As for this apsidal corrotation resonance, these resonances also have the helpful property of locking the planets’ orbits so they’re nearly co-planar, meaning that when there’s an alignment of the star, the inner planet, and the outer planet, it will be perfect every time, leading to a transit (or eclipse) as seen from the outer planet. And with a 3:1 orbital resonance, the inner planet would zip around Sirius B in a mere 8 hours, meaning there’s a possibility of multiple eclipses per day on Cerberus.

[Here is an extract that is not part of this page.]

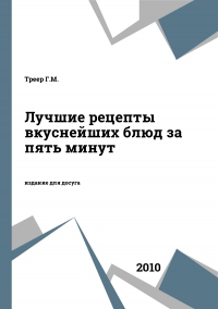 Треер, Г. М. Лучшие рецепты вкуснейших блюд за пять минут / Г. М. Треер. — Москва : РИПОЛ классик, 2010. — 256 c. — ISBN 978-5-386-02126-9. — Текст : электронный // Цифровой образовательный ресурс IPR SMART : [сайт]. — URL: https://www.iprbookshop.ru/37631.html (дата обращения: 10.08.2025). — Режим доступа: для авторизир. пользователей
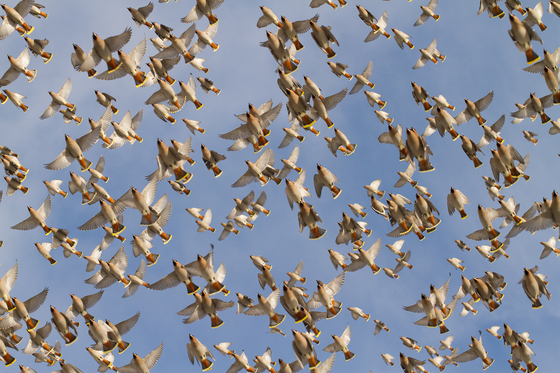 A bunch of about 3500 bohemian waxwing were feeding in the ashes in the little town of Matane during the month of december. Sometimes, they were taking off the all bunch and that was like an explosion of colors in the sky.

Trippy.
Even the math works out on the inner planet actually being able to eclipse: I haven’t double-checked this, but so far it seems that to always be larger than Sirius B as seen from Cerberus, the inner planet would need to be only 4250 kilometers in radius, about two-thirds that of the Earth. Even at a Mercury-like density, the inner planet would only need to weigh in at 0.3 Earth masses. Somewhat smaller than Cerberus, at a tentative 0.5 Earth masses. It helps that Sirius B only subtends 10 arcminutes in the sky as seen from Cerberus, so it’s much smaller than our sun (it burns hotter than our sun, and outputs more radiation in the ultraviolet, so a planet needs to be correspondingly further away to get an Earth-like level of total energy).
As for the inner planet of the Sirius B system, its nature remains sketchy, but so far the idea is that it might have been similar to Cerberus originally, but the high temperatures (about 500 degrees Fahrenheit at its average distance from Sirius B…) and the close proximity to the sun’s radiation has stripped most of the atmosphere, so only a thin oxygen envelope remains. Perhaps a rarefied 1% of Earth’s pressure, instead of Cerberus’s nigh-breathable 10%. The soil might have been heavily oxygenated, leading to a Mars-like reddish color across the world. Oceans of course have long since evaporated, water and volatiles stripped away, so Martian-style dust storms rage across the desertified surface.
All this comes across like a hot version of Mars, though, so another idea I’ve had has leaned on the thought that at 0.3 Earth masses the planet might have enough geological energy for plate tectonics, like Earth…and Venus. Notice Venus, despite massing almost as much as Earth, doesn’t have obvious plates like Earth but is geologically active: certainly its surface isn’t heavily cratered and billions of years old. The exact reasons remain mysterious, but scientists have speculated that Venus, due to lacking oceans to lubricate its plates, undergoes periods of global mass volcanism rather than steady plate tectonic movements. So a bigger Mars may well have a more Venis-like geology; what if the inner planet, as of when the astronauts visit the system, is in the middle of one of these global resurfacing events? In that case the surface might be Mars-like, but with massive volcanism worldwide. A fascinating planet.
As for the planets that lie beyond the confines of this pair, and in particular around Sirius A…well, that’s for another post. In the meantime, I’m enjoying Cerberus for what it is, and brainstorming the next steps in bringing my vision of the Sirius system to life…